The clash between these philosophies was precipitated by a strike of 170,000 Westphalian coal miners in May 1889. William, against the Chancellor’s advice, received a deputation of the striking miners and appeared unexpectedly at a Cabinet meeting to announce (in Bismarck’s words): “The employers and shareholders55 must give way; the workers were his subjects for whom it was his place to care; if the industrial millionaires would not do as he wished, he would withdraw his troops. If the villas of the wealthy mine owners and directors were then set on fire and their gardens trampled underfoot, they would soon sing small.” Bismarck argued that the mine owners were also subjects who had a right to their sovereign’s protection. The dispute festered and became a part of a larger crisis. In 1889, the seventy-four-year-old Chancellor was disinclined to make concessions to coal miners, factory workers, or Socialist deputies in the Reichstag. He believed that the time had come to deal forcef
ully with industrial turmoil and parliamentary upheaval. If the workers made trouble, the army would repress them; if the Reichstag misbehaved, he would simply dismiss it and turn the deputies into the street. To those who said that this coup d’état was unconstitutional, he would reply that he had created the constitution and could create another. Nor should anyone forget that he had begun his long service to the Prussian crown by ruling illegally for four years without the Prussian Landtag.

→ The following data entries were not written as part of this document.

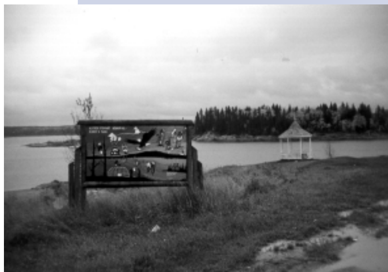
Sandy Bay, Saskatchewan -- October 2001.

3rd Floor, 1942 Hamilton Street Regina, SK S4P 3V7 Phone 1-800-667-8577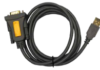
1 x DB9 Female to USB Type A Male Converter Cable 3171010000083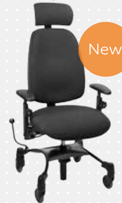
VELA Tango 510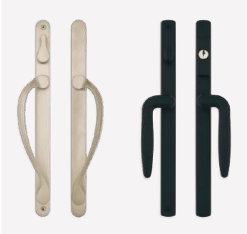
CAMBRIDGE HANDLES SHOWN IN SATIN NICKEL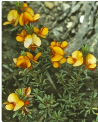
Flowering stems. Wadbilliga National Park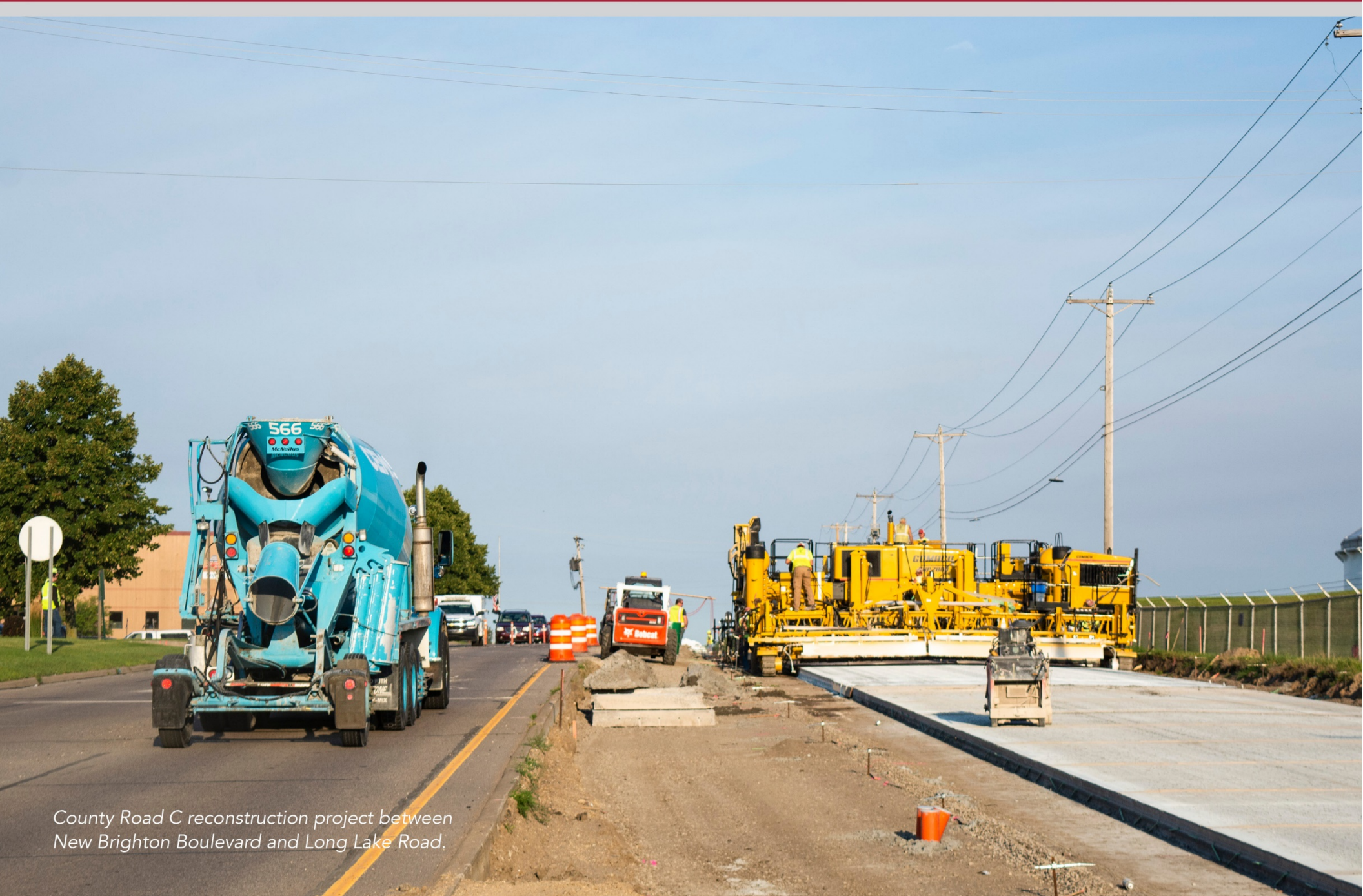
County Road C reconstruction project between New Brighton Boulevard and Long Lake Road.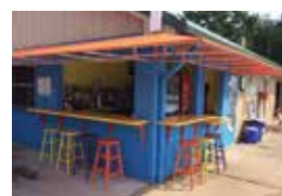
SOAKS POOL BAR

From Memorial Day until Labor Day join us at our bar pool side.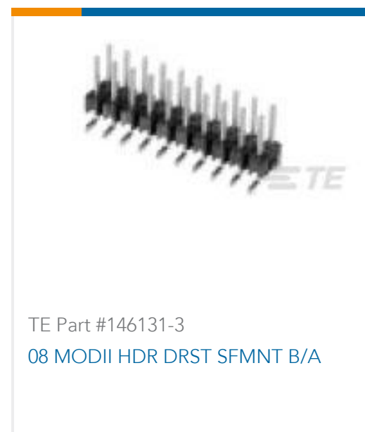
TE Part #146131-3 08 MODII HDR DRST SFMNT B/A

By January 1890, all parties in the Reichstag were in favor of legislation to restrict child labor, female labor, and work on Sundays. Bismarck refused to give way and William decided to act. On January 23, the Chancellor and all Prussian ministers were informed that the Kaiser had summoned a Crown Council (a session of the Prussian Ministry of State under the personal presidency of the King) for six P.M. on the following day. Herbert, charged by his father with learning the purpose of the Council, went to William and learned that the Kaiser intended to place his labor-reform plan before the ministers. Bismarck left Friedrichsruh, arrived in Berlin at two P.M., and summoned all Prussian ministers to meet in his office at three P.M. There, he told them what he knew of the Emperor’s intentions and asked them to neither accept nor reject the plan but to ask for time to think it over. Without exception, the ministers agreed.